Sunday, September 19, 2010

A quart in a pint pot won't go

I got up this morning with the best of intentions, but accidentally spent half an hour reading flim-flam on the internet when I should have been wrestling with a bicycle tyre.

A bicycle tyre that I had to use a seven-inch tyre lever, a pair of needle-nosed pliers and a hammer to fix, and, even after deploying this plethora of tools to get it off the wheel and insert a fresh inner tube, I found myself powerless to get the tyre properly seated back on the rim of the wheel.
After half an hour of this fruitless endeavour, and noticing that the tyre was practically bald anyway, I took it to the local bike shop to buy a new one.

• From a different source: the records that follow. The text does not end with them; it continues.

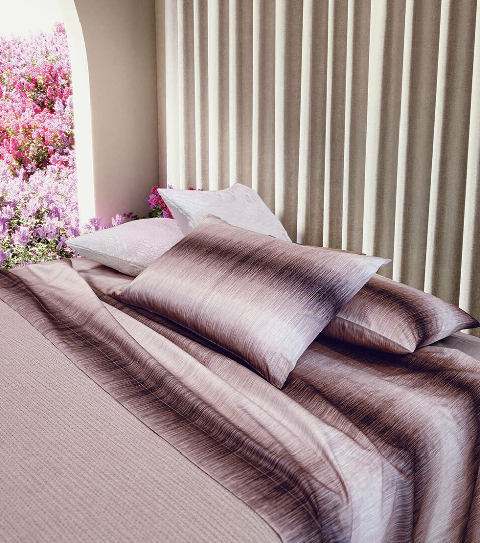 Sheet set for double bed in printed cotton sateen with bottom sheet in solid color.
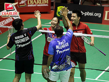 Pasangan ganda campuran dewasa, Trikus Harjanto/Vita Marissa (bawah) bersalaman dengan pasangan Rendra Wijaya/Tika Permatasari (atas) usai bertanding.
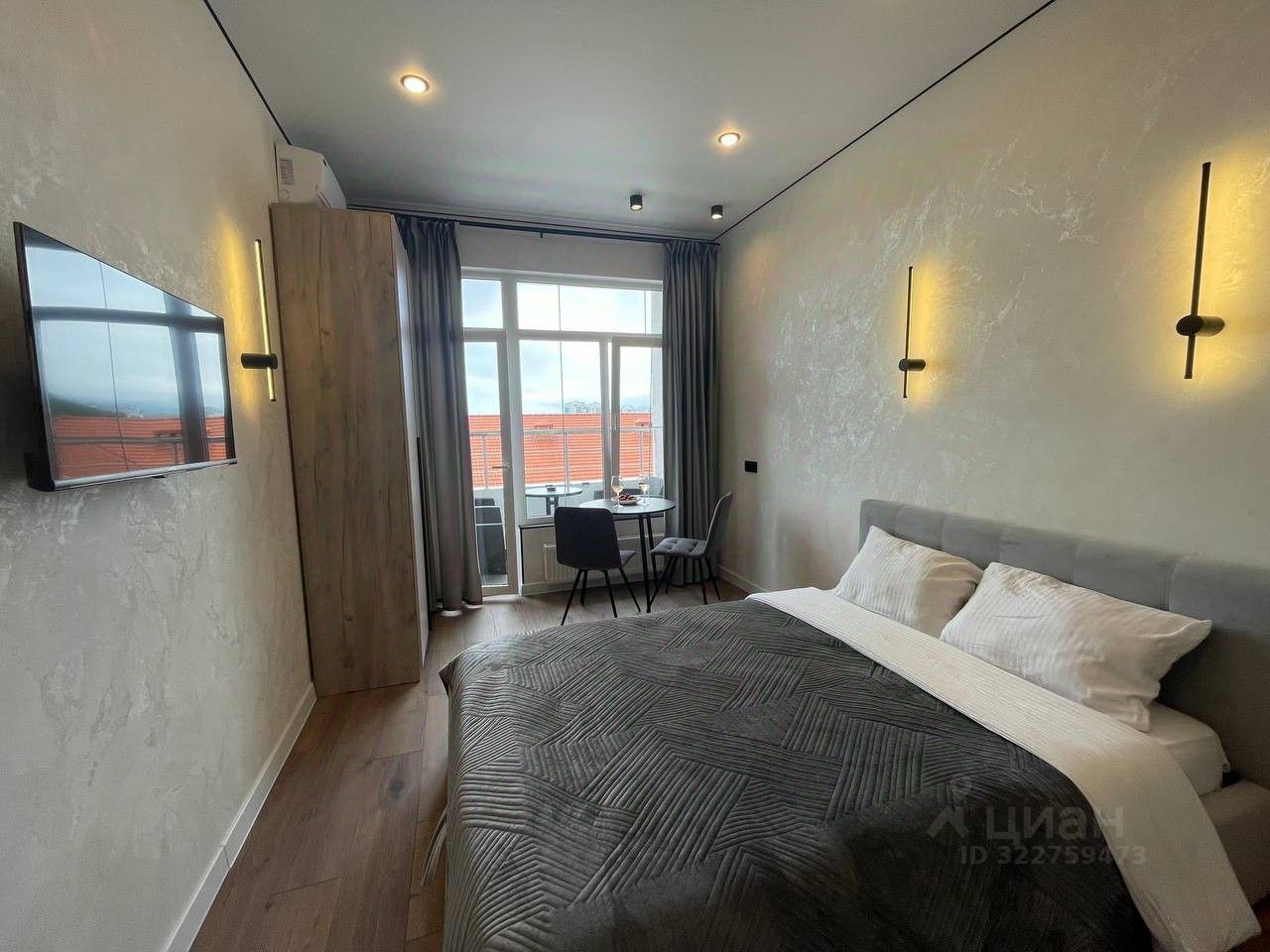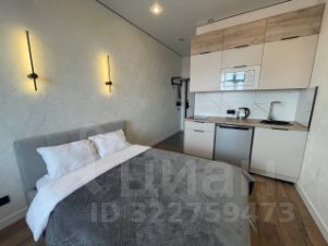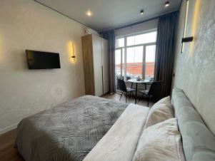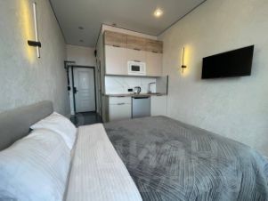 Уютная студия в современном доме с полноценной кухней и просторным балконом.Тихий район, приятный вид — особенно красиво на закате.
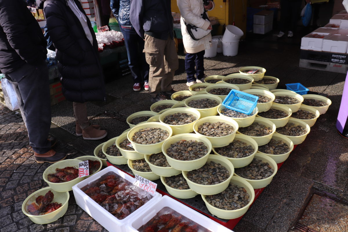 新鮮な魚たちが並ぶ朝の漁港を満喫しました!

Of course, the shop doesn't open until 11, so I stood outside sweating. Oh, boy, was I sweaty. I wiped my brow and there were droplets of sweat on my hands; not just damp, but slick with perspiration. Luckily after a quarter of an hour a man let me in, I flung the wheel and some cash at him, and ran off.

The rest of the day began to blur together. One minute I'm on the floor of a dance studio in Sai Wan Ho, my elbow trapped in somebody's armpit while they squash my hand till I yelp, the next I'm on the street outside the bike shop, talking to my friend Natalie that I haven't seen for a year, before getting home and being told off for leaving bicycle-related detritus all over the flat, then coming close to keeling over on the MTR, and finally getting on board a ferry to Macau to feel a bit noisome (although that could just as easily have been Blood's A Rover as seasickness).

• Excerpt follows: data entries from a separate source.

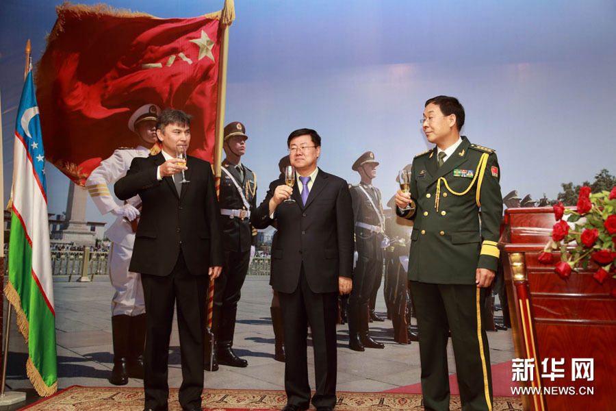 7月31日,中國駐烏茲別克斯坦大使館以孫立杰大使和黃天昌武官名義在塔什干米蘭賓館隆重舉行“八一”軍節招待會(新華社發 記者沙達提)
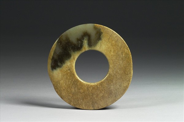 玉質,大部分鈣化成褐黃色,小部分尚留半透明的灰脂色玉質,有暗褐色斑。圓整,外緣邊肉上局部磨薄,一端按下削薄;中孔單面桯鑽,孔壁微斜,隱約可見旋轉紋。表面光素。
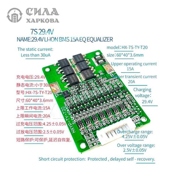 Наш BMS контролер, оснащений функціоналом інтегрованого управління зарядом для сьоми акумуляторів, є ідеальним вибором для оптимального керування енергією вашого пристрою. Ми представляємо вам модель HX-7S-TY-T20 – надійний і ефективний захисник для ваших акумуляторів.
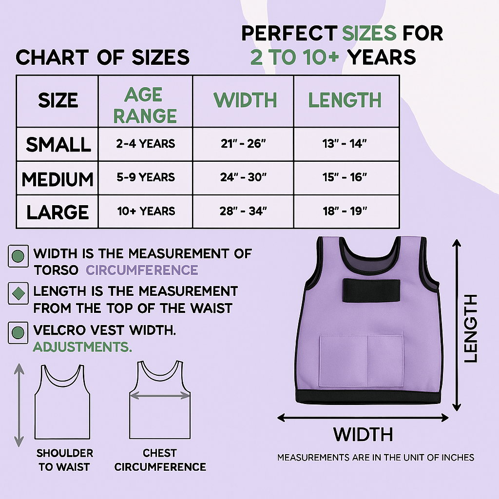 Measure for the best fit, adjust for comfort, and watch your child settle into calm with the vest that feels just like a hug.
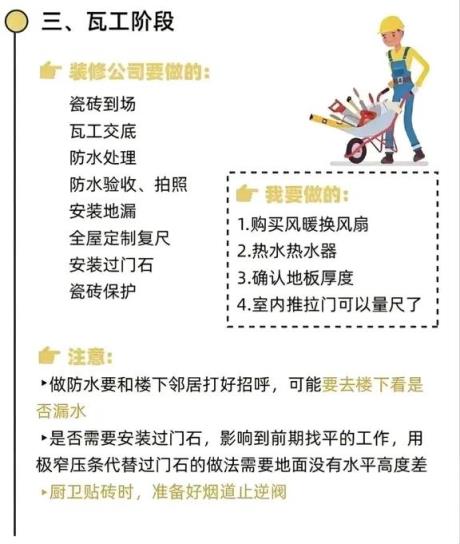 材料进场顺序也很重要,它关系到施工的顺利进行。水电前,要准备好水泥、沙子、管线等材料;泥瓦前,要备好瓷砖、防水涂料;油漆前,要准备好腻子、乳胶漆。提前规划好材料进场时间,既能避免材料堆积占用空间,又能防止因材料短缺导致施工停滞。
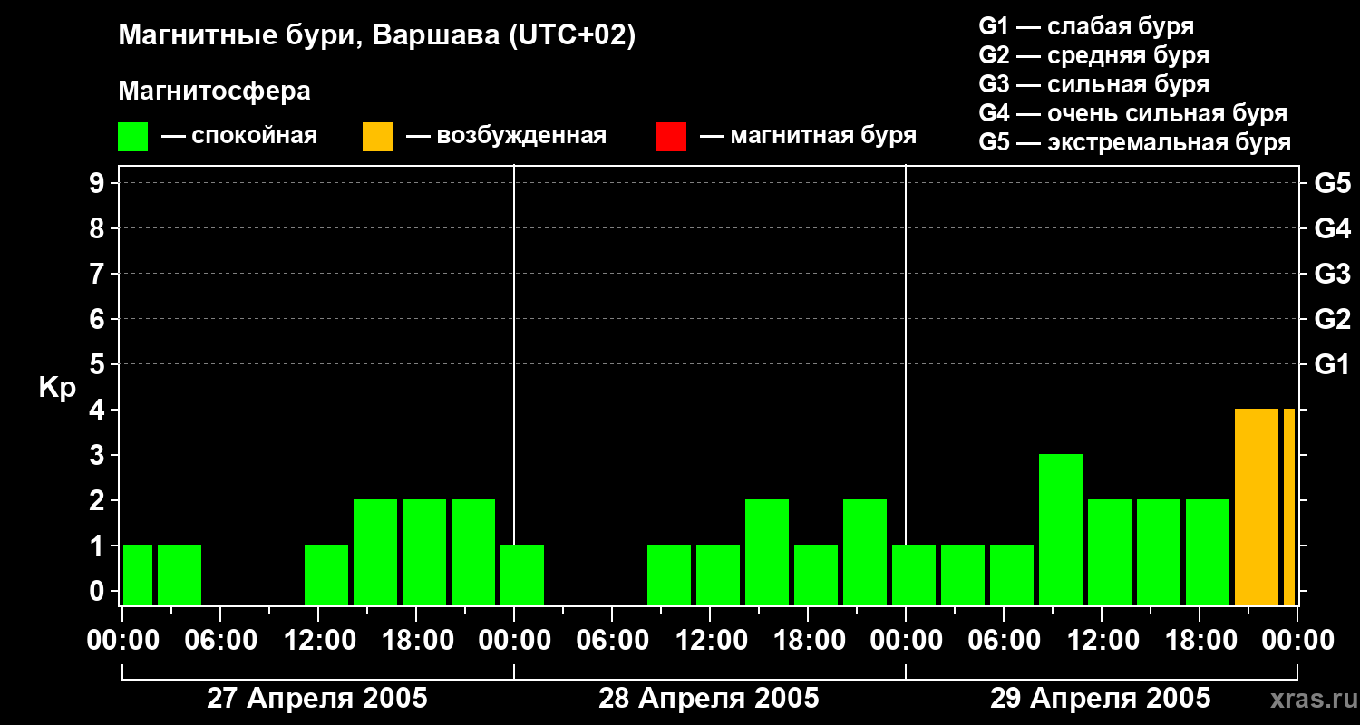 Магнитные бури в Варшаве — 29 апреля 2005 года
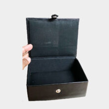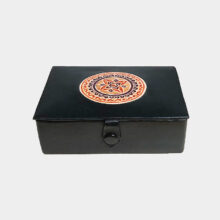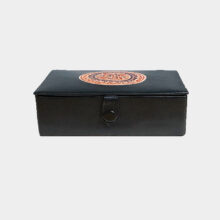 Black leather jewelry or trinket box with button in front. The artwork on top surface of box are done with vegetable dye. The leather used to make the boxes are from goat skin or sheep skin.

Fernando's was ok. The company was good, but paying 300 dollars to travel for two hours just to watch other people eat chicken and fish while you have bread and salad ... well, it's not the meal I would have chosen. Still, I got to catch up with some friends I haven't seen all year, and see how the Cotai Strip has become shinier again, now they've been able to start assembling new casinos once more.

We caught the ferry home to Hong Kong with minutes to spare. Once we were seated, we heard an announcement, stating that "We will be serving complimentary snacks and beverages ... For Cotai First passengers." It was the pause there, together with the terribly-pleased-by-itself tone of the voice, that made me suspect they really wanted to say "You scum downstairs can pay."  Curse my stinking luck for not being able to spend the extra 50 dollars to get a free cup of coffee and a leg of squid.